The records:

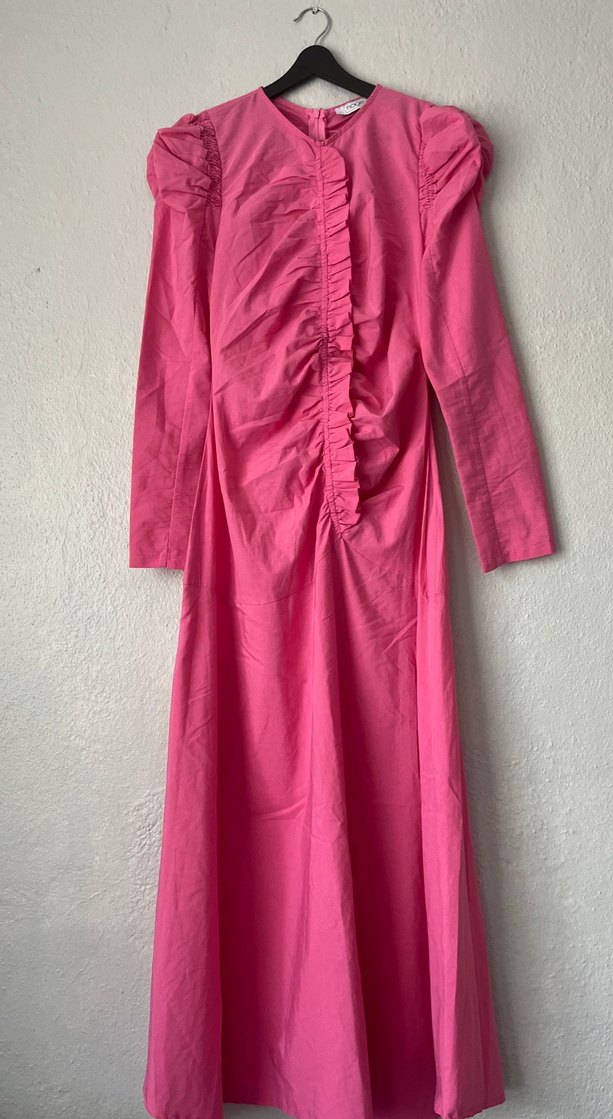 Pembe uzun keten elbise, uzun kollu ve V yakalıdır. Ön kısmında fırfır detayları bulunur. Hiç giyilmedi ve hiçbir kusuru yoktur. 40-42 beden ile uyumludur.
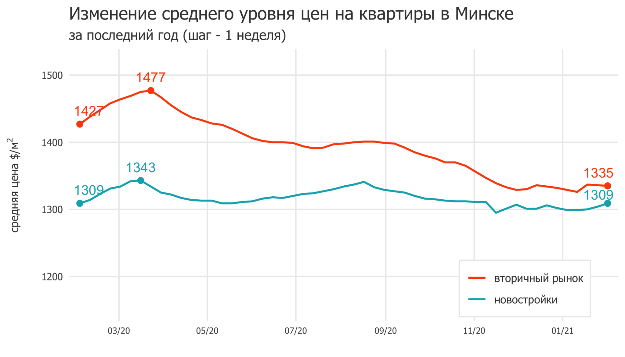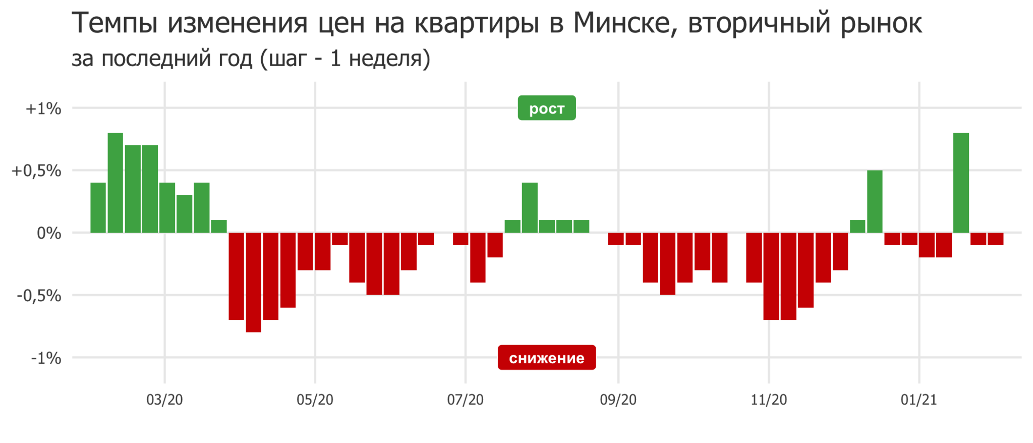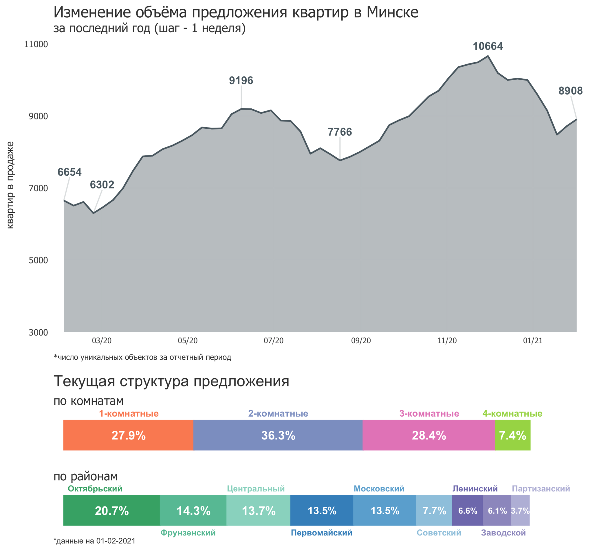 За неделю, с 25 января по 1 февраля 2021 года, аналитическим центром Realt.by были отмечены следующие изменения на рынке жилья города Минска:
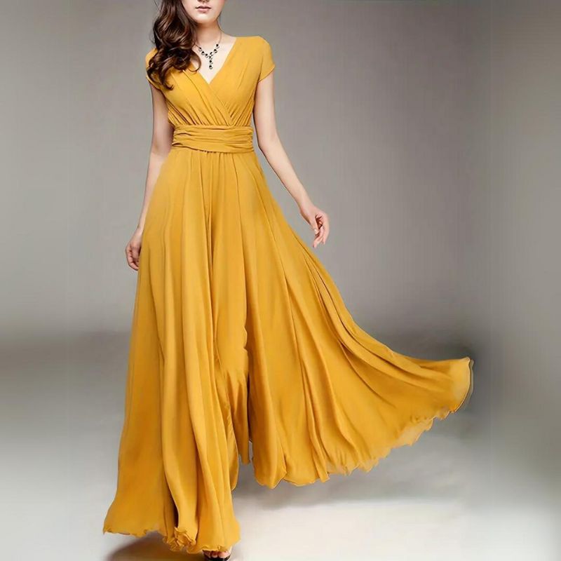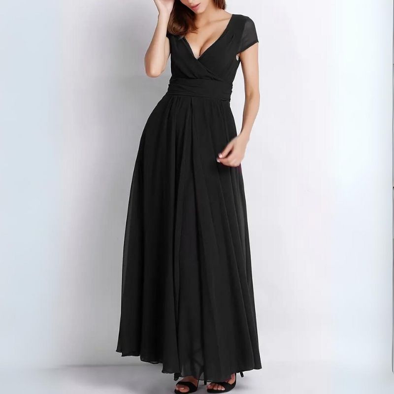 Eleve seu estilo para um novo patamar com o Vestido Longo De festa Decote Em V Adalia- Uma peça que une sofisticação e autoconfiança!
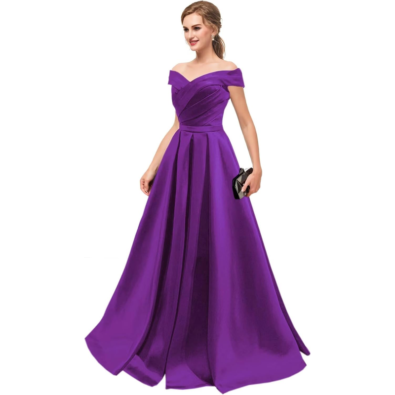 Off The Shoulder Prom Dresses Long with Pockets A Line Formal Evening Ball Gowns Satin Party Dress 2026 Customized
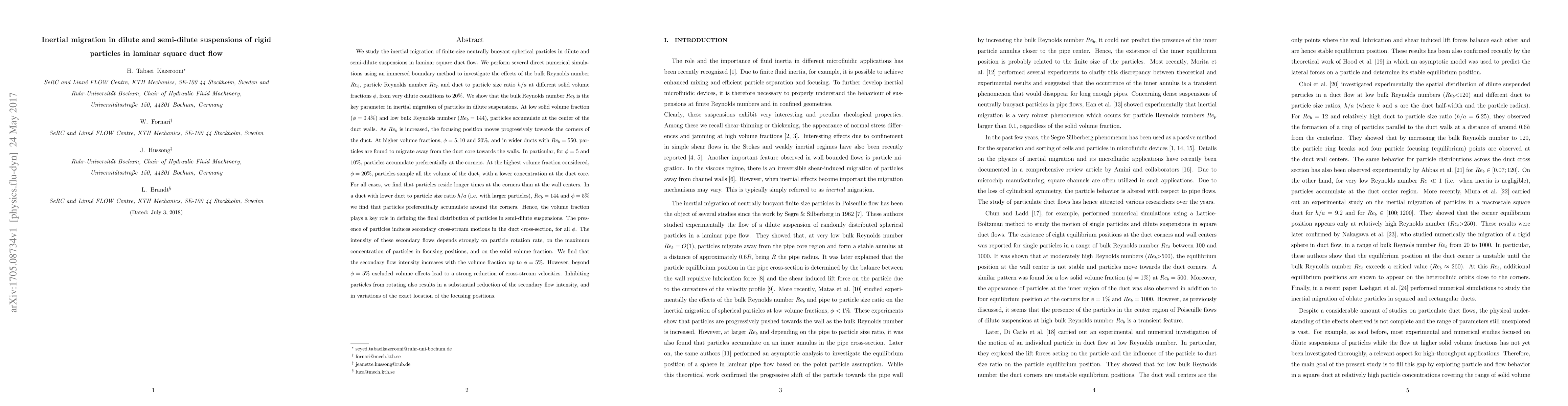 This study investigates the inertial migration of neutrally buoyant spherical particles in laminar square duct flow, revealing that the bulk Reynolds number $Re_b$ is crucial for migration in dilute suspensions. At higher solid volume fractions, particles migrate towards the duct walls and corners, inducing secondary cross-stream flows whose intensity diminishes beyond 5% volume fraction due to excluded volume effects.
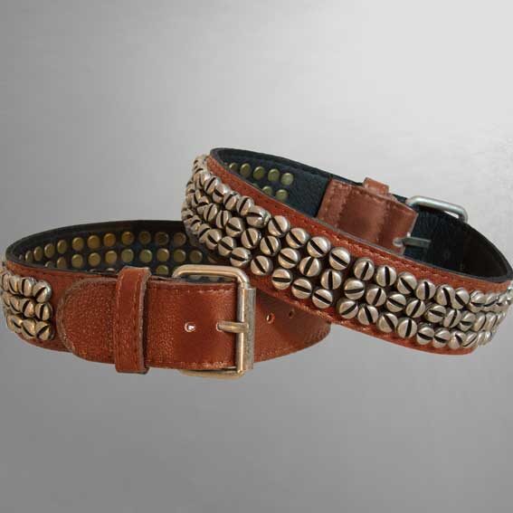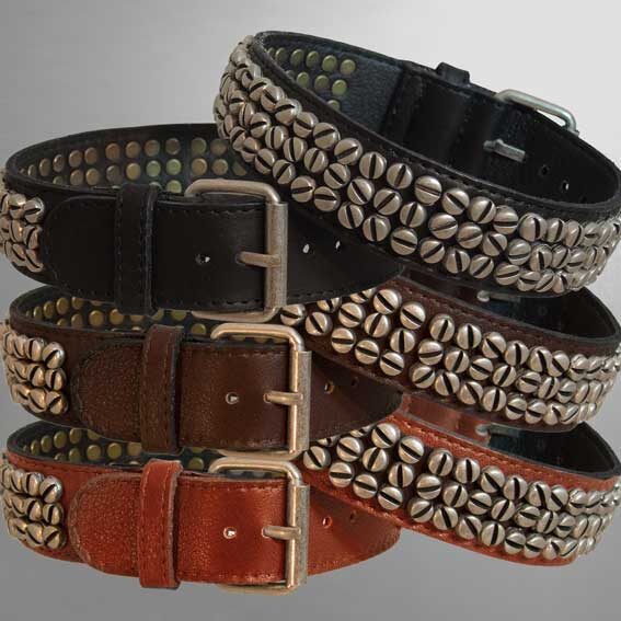 Dieses Modell wurde exklusiv für sognato designed und produziert! Schuhgürtel mit 3 Reihen Schraubenkopf-Nieten (Ø 7mm) aus Sauvage-Leder, handgefertigt. Kann als Stiefelband, Halsband oder Armband getragen werden. Durch die Gürtelschließe variabel in der Länge einstellbar.
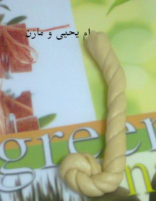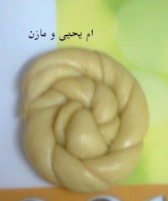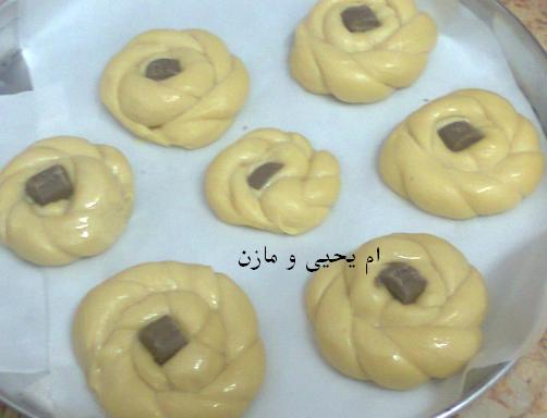 .و ممكن تمسحى عليها بالفرشاه بالسيرب او شربات عشان تديكى لمعه حلوة و دا طبعا بعد ما تستوى..و بعدين احط شوية مربى بفضل فروالة فى وسط كل وردة و تكون بالشكل الجميل ده ثانيا: ضفائر الشيكولاتة او وردات الشيكولاته ****************************** النص التانى من العجينة .. قسمته 6 كور ..و كل كورة بفردها حبل طويل و بتنى الحبل ده من النص مكونه طرفين و اضفرهم فى بعض بالشكل ده
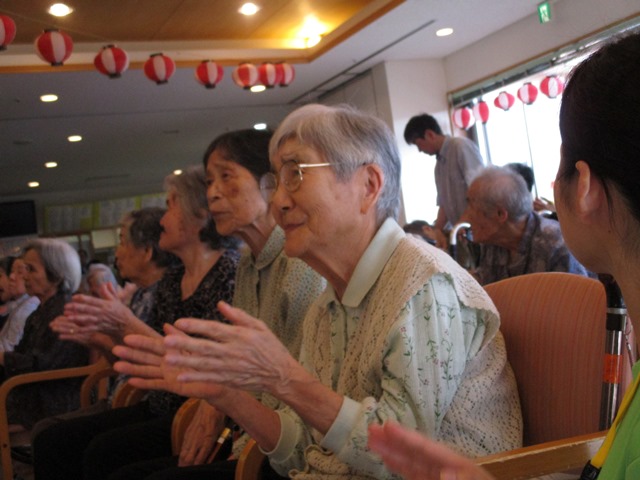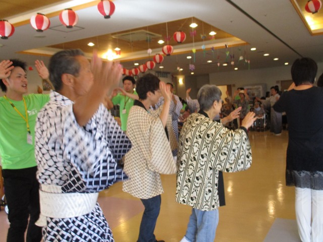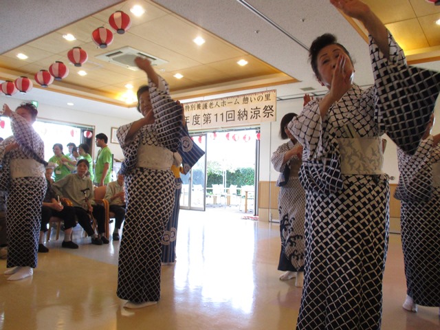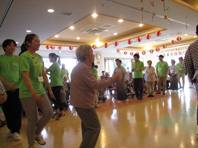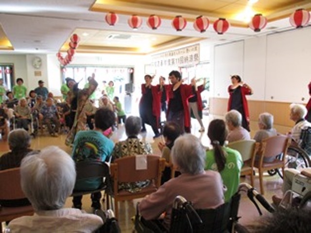 7/31 第11回憩いの里納涼祭が開催されました!開催前は突然の通り雨に慌てましたが、開催時には晴天に恵まれ、天気からも納涼祭からも”夏”を感じられたのではないでしょうか。かき氷にアイスクリーム・焼きそば・焼き鳥・ヨーヨー・お菓子つかみどりなど屋台もたくさん。そして今年も土浦民舞踊ボランティア様による踊りが披露され、入居者様も一緒に踊る姿はとても素敵でした!最後は職員によるソーランで盛り上がっていました!
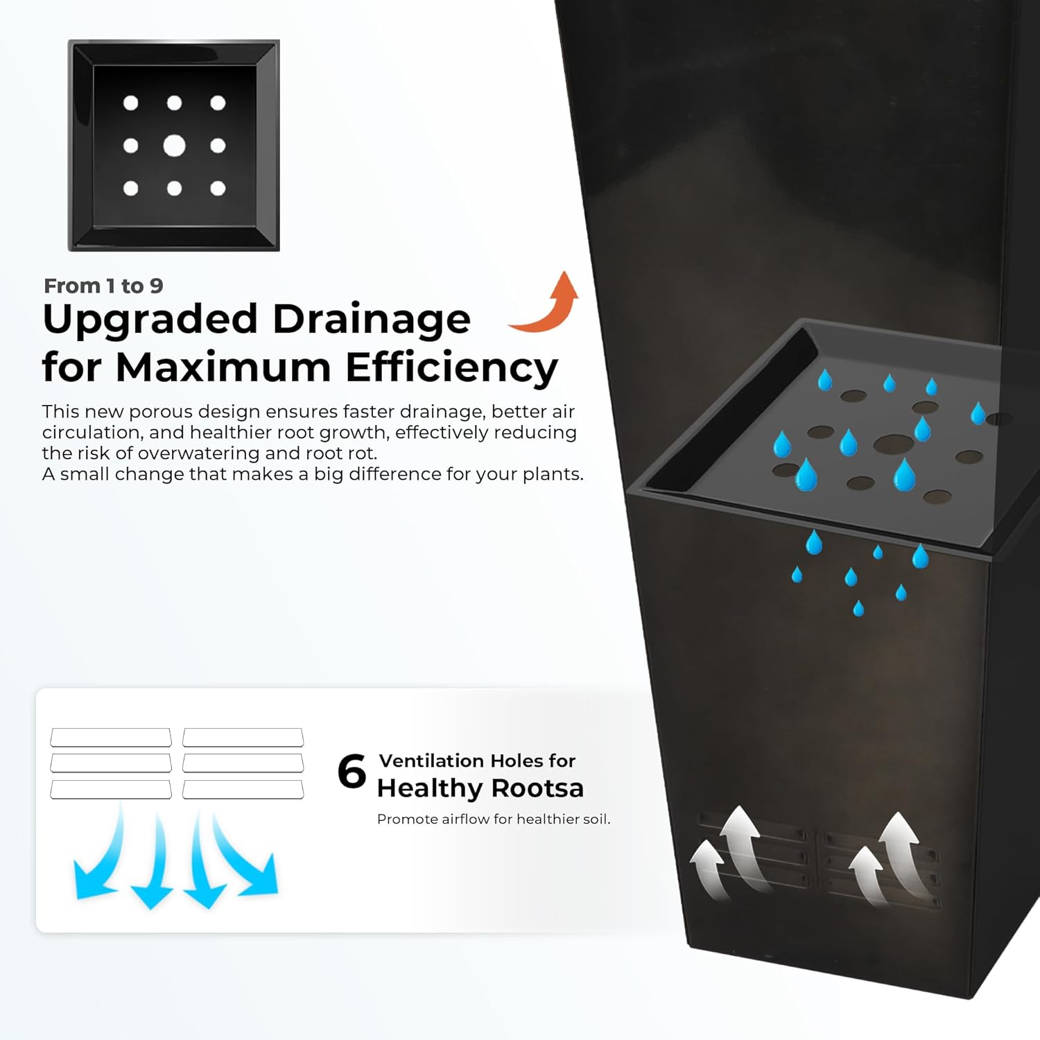 - Slotted Side Ventilation: Designed with slotted ventilation holes on both sides to improve airflow, enhance soil breathability, and support plant health.
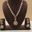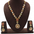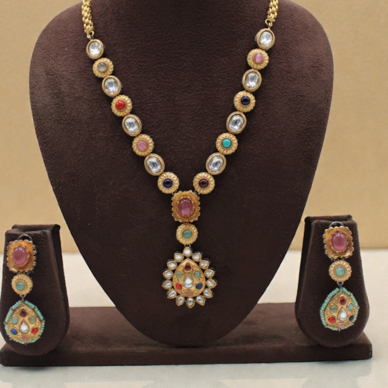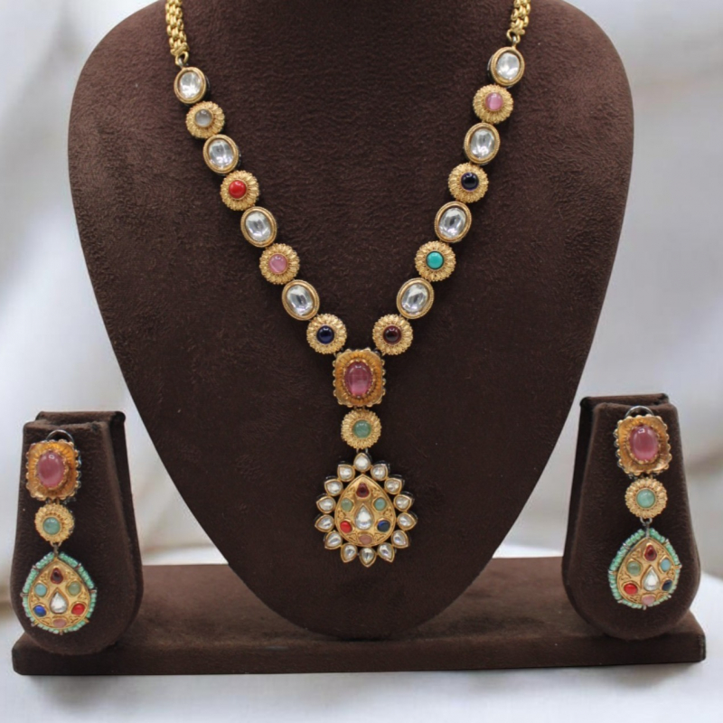 Embrace timeless elegance with this beautifully crafted Navratna-inspired long necklace set. Designed with alternating oval Kundan stones and textured round floral motifs, the necklace is adorned with vibrant multicolor stones in red, green, blue, pink, and turquoise shades. The centerpiece features a rectangular pink stone leading to a traditional teardrop pendant embellished with detailed Kundan work. Matching earrings complete this regal and festive look, making it perfect for traditional oc
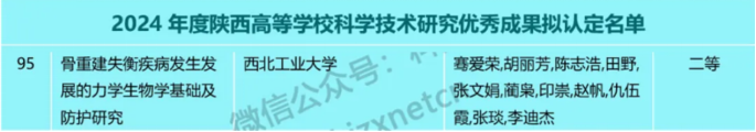 近日,陕西省教育厅发布了《2024年度陕西高等学校科学技术研究优秀成果拟认定名单》,全省共评出优秀成果429项,骞爱荣教授团队科研成果《骨重建失衡疾病发生发展的力学生物学基础及防护研究》荣获二等奖。

What to work on:
Print everything from the line with "Off The Shoulder" down to the line with "This study investigates" in the entries above, both lines included and nothing more, without the pictures.

Expected answer:
 Off The Shoulder Prom Dresses Long with Pockets A Line Formal Evening Ball Gowns Satin Party Dress 2026 Customized
 This study investigates the inertial migration of neutrally buoyant spherical particles in laminar square duct flow, revealing that the bulk Reynolds number $Re_b$ is crucial for migration in dilute suspensions. At higher solid volume fractions, particles migrate towards the duct walls and corners, inducing secondary cross-stream flows whose intensity diminishes beyond 5% volume fraction due to excluded volume effects.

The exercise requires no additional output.